Which functions or load objects are consuming the most resources?
Which source lines and instructions are responsible for resource consumption?
How did the program arrive at this point in the execution?
Which resources are being consumed by a function or load object?
The Collector tool collects performance data using a statistical method called profiling and by tracing function calls. The data can include call stacks, microstate accounting information, thread synchronization delay data, hardware counter overflow data, Message Passing Interface (MPI) function call data, memory allocation data, and summary information for the operating system and the process. The Collector can collect all kinds of data for C, C++ and Fortran programs, and it can collect profiling data for applications written in the JavaTM programming language.
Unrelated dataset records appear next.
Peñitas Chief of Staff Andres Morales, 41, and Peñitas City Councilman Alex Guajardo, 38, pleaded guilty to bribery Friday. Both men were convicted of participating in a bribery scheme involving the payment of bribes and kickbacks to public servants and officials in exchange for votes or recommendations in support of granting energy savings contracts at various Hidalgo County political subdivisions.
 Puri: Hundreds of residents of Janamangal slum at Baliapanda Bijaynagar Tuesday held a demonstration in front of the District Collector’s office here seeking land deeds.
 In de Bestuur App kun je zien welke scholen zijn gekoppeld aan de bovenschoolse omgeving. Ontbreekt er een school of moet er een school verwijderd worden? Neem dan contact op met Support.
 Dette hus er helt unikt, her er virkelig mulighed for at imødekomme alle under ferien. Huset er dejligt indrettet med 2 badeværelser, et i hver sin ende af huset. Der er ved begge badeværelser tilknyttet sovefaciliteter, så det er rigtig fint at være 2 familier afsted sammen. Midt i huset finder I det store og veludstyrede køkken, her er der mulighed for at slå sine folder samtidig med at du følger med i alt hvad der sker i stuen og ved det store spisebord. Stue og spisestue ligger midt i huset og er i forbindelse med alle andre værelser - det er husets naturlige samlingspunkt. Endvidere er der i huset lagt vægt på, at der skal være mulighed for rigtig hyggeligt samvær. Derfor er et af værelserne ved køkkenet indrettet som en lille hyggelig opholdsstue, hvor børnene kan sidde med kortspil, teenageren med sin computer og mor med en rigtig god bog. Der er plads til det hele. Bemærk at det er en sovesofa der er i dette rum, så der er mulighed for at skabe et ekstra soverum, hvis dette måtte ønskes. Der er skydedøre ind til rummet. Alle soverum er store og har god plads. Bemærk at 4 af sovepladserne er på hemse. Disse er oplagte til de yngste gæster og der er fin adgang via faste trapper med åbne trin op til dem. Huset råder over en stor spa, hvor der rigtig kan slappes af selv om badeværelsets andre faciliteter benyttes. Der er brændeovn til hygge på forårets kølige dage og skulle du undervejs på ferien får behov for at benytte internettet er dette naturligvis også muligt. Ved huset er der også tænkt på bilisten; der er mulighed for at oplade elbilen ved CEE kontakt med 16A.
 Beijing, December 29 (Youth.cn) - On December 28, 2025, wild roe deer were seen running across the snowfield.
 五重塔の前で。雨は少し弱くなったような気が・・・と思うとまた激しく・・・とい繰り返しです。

It can collect data for dynamically-generated functions and for descendant processes. See Chapter 2, Performance Data for information about the data collected and Chapter 3, Collecting Performance Data for detailed information about the Collector. The Collector can be run from the Performance Analyzer GUI, from the IDE, from the dbx command line tool, and using the collect command.
The Performance Analyzer tool displays the data recorded by the Collector, so that you can examine the information. The Performance Analyzer processes the data and displays various metrics of performance at the level of the program, the functions, the source lines, and the instructions. These metrics are classed into five groups:
Clock profiling metrics
Hardware counter metrics
Synchronization delay metrics
Memory allocation metrics
MPI tracing metrics
The Performance Analyzer also displays the raw data in a graphical format as a function of time. The Performance Analyzer can create a mapfile that you can use to change the order of function loading in the program’s address space, to improve performance.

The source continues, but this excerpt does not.